#### INSTRUCTIONS FOR THE TASK
Repeat exactly the line that contains "Selling a Canada" and every line after it, down to the last line of the entries below. Do not include pictures.

BEGIN DATA FOR REVIEW

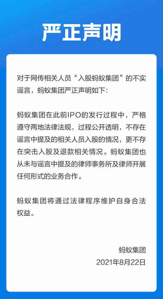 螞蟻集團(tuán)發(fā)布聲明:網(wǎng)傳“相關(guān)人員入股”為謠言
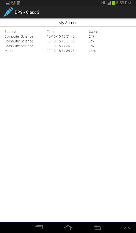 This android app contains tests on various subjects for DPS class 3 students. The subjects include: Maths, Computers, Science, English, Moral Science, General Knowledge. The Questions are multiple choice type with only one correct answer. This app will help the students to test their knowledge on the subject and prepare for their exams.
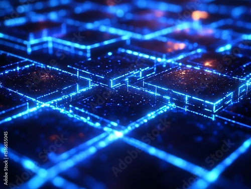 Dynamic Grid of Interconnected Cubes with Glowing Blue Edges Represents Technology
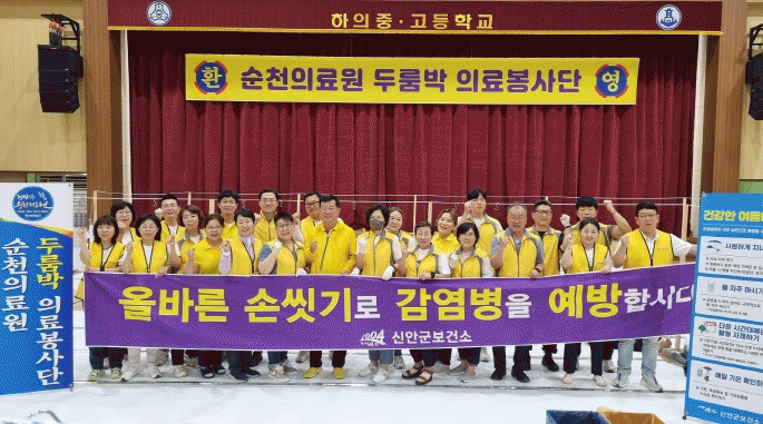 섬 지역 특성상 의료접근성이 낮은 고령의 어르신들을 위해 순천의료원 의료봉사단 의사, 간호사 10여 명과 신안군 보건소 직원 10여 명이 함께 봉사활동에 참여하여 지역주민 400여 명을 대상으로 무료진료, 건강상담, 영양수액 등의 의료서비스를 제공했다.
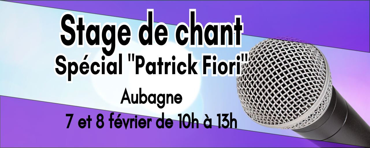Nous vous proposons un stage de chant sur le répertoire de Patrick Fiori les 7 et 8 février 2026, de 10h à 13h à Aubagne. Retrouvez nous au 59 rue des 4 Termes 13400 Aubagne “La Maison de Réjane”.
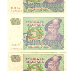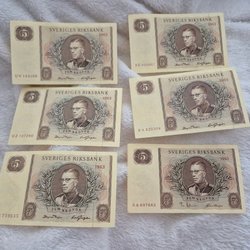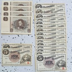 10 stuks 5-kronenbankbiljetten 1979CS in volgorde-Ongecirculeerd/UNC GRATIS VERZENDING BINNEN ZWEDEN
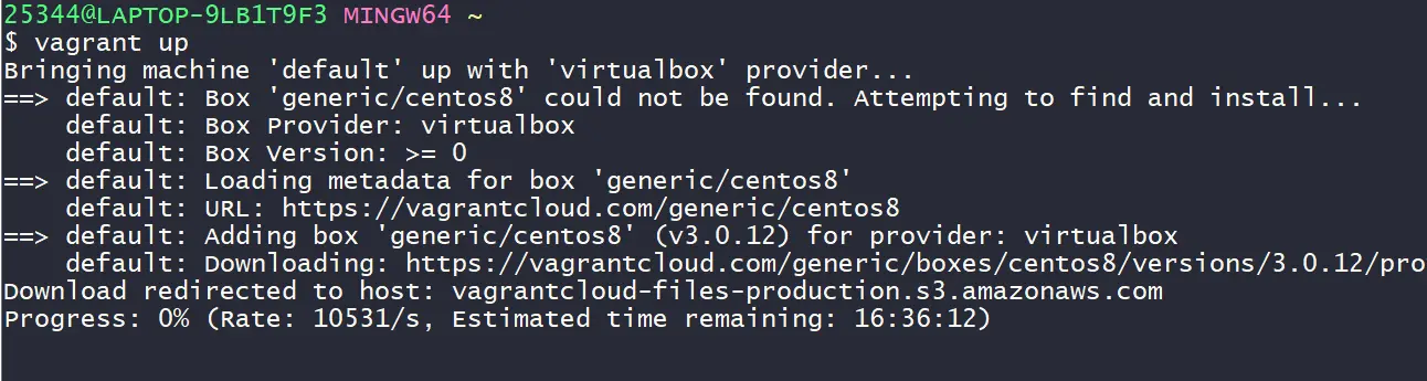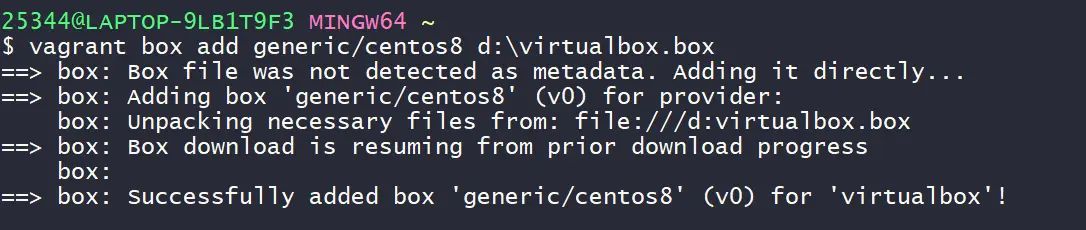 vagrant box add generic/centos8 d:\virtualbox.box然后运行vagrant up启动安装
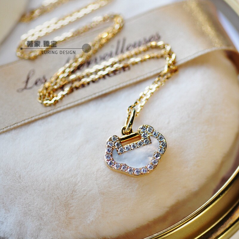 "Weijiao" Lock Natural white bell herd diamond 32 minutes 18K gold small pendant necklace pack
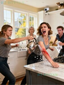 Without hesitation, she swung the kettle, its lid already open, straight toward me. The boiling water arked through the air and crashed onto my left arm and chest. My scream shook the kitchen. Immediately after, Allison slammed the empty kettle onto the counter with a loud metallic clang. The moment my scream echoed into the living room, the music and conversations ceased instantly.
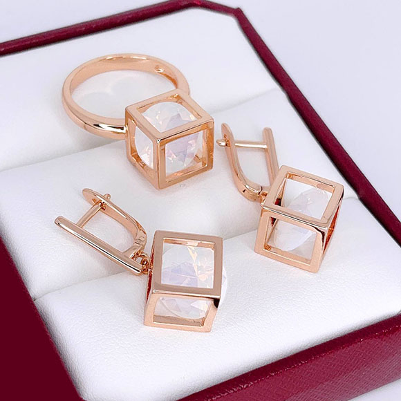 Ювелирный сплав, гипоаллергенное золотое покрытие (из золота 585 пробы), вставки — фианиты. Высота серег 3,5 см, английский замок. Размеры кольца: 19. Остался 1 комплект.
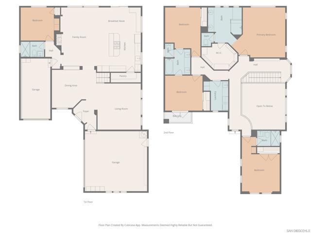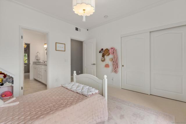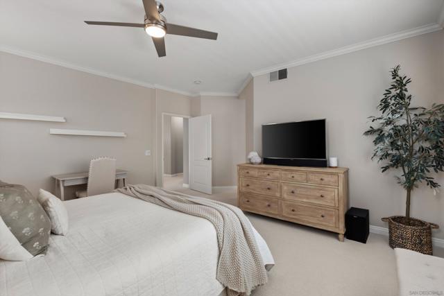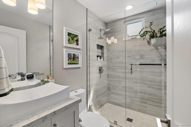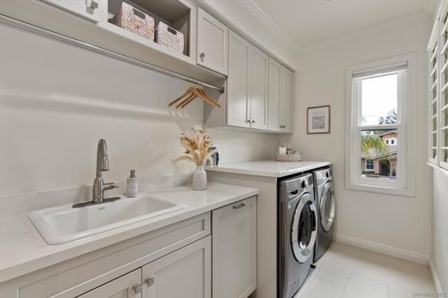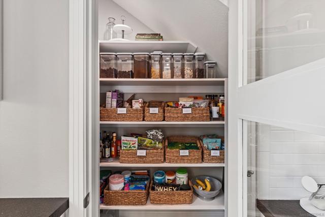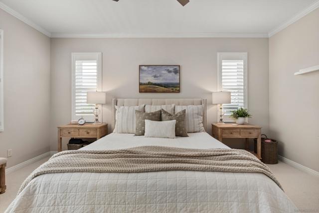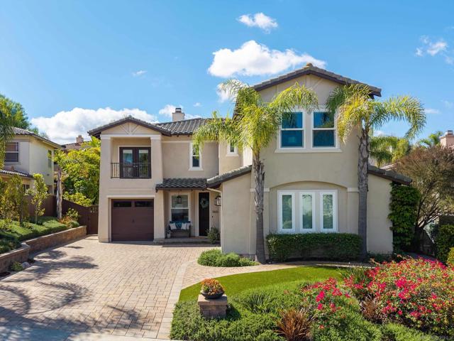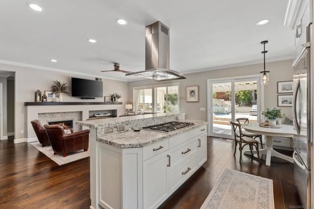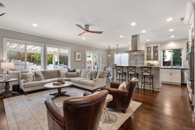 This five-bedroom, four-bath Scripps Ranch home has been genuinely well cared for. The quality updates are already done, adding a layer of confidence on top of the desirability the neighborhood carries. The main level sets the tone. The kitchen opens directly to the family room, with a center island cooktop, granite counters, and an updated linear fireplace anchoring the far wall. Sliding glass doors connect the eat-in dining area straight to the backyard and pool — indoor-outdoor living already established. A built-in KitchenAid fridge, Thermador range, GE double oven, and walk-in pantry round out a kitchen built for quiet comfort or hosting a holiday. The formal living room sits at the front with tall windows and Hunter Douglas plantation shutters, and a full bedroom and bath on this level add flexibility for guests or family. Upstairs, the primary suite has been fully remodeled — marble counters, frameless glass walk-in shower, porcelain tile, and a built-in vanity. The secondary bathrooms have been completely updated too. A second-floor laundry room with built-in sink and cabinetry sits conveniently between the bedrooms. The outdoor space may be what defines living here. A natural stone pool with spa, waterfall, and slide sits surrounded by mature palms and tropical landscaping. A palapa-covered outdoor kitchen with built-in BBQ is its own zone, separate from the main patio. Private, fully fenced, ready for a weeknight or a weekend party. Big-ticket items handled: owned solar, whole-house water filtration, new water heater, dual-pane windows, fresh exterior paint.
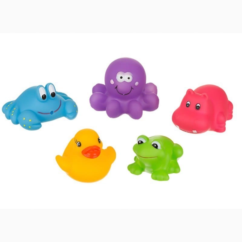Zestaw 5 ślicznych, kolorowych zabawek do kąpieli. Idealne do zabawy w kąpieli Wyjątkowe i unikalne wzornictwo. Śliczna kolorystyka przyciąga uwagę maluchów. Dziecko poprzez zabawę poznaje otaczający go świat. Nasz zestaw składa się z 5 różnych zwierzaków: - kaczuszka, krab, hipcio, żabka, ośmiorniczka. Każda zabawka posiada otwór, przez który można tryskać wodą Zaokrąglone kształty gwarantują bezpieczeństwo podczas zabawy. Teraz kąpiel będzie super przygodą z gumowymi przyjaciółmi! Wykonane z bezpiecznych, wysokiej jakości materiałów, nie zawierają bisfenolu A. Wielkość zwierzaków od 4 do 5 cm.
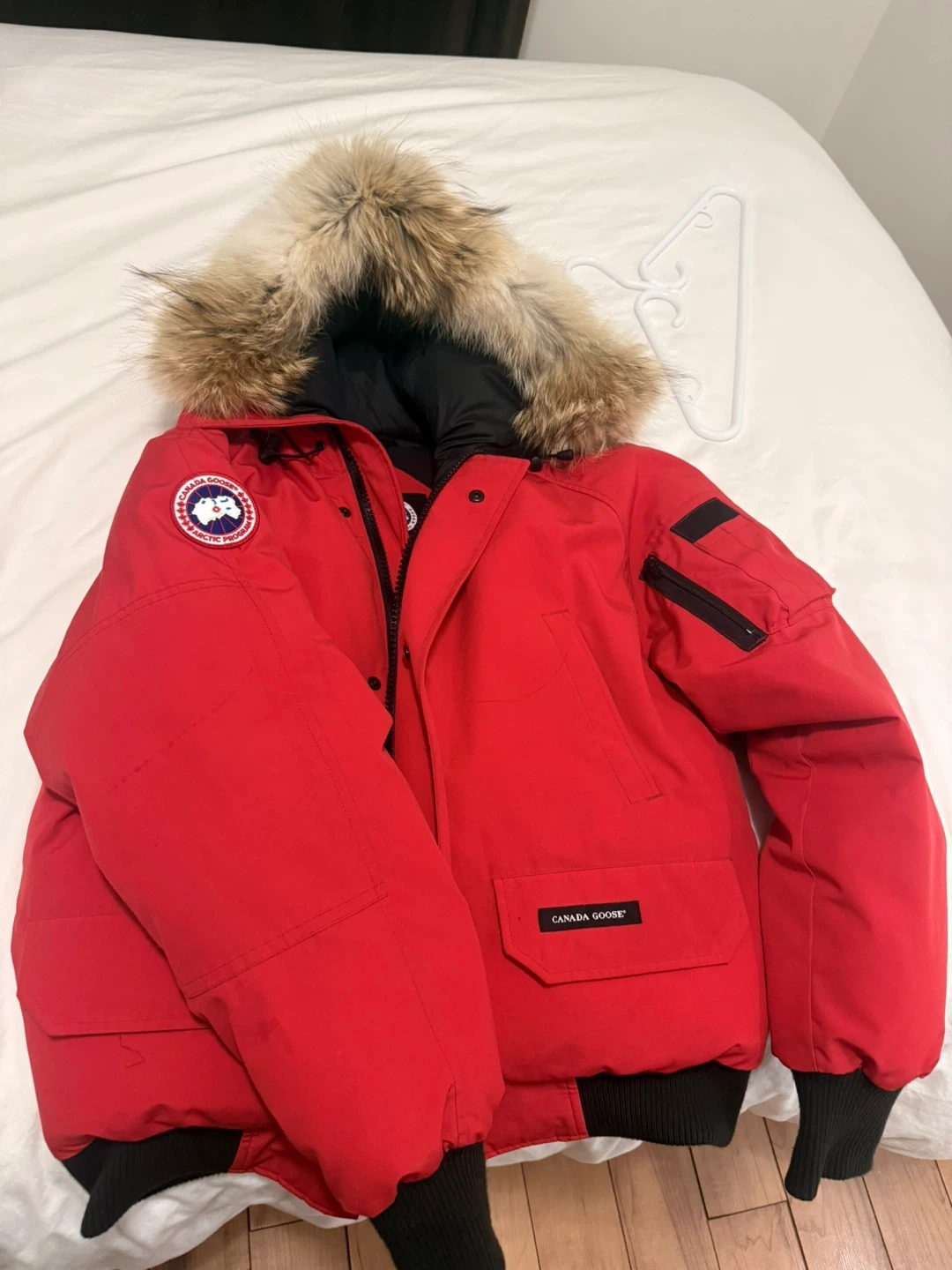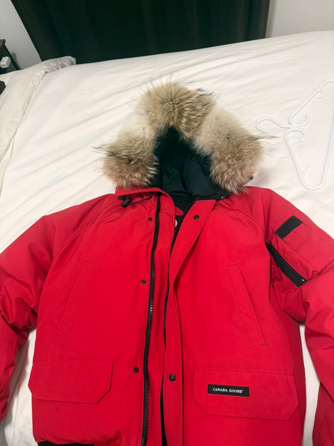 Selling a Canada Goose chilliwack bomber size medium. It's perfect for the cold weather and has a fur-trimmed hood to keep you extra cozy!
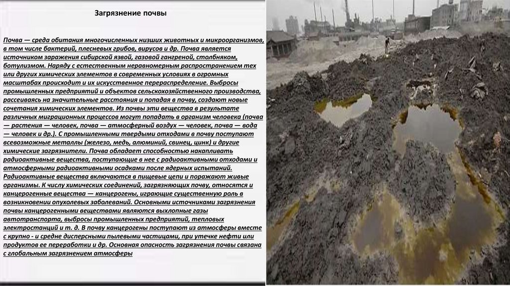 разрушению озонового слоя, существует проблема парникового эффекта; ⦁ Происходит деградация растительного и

END DATA FOR REVIEW

#### RESULT
 Selling a Canada Goose chilliwack bomber size medium. It's perfect for the cold weather and has a fur-trimmed hood to keep you extra cozy!
 разрушению озонового слоя, существует проблема парникового эффекта; ⦁ Происходит деградация растительного и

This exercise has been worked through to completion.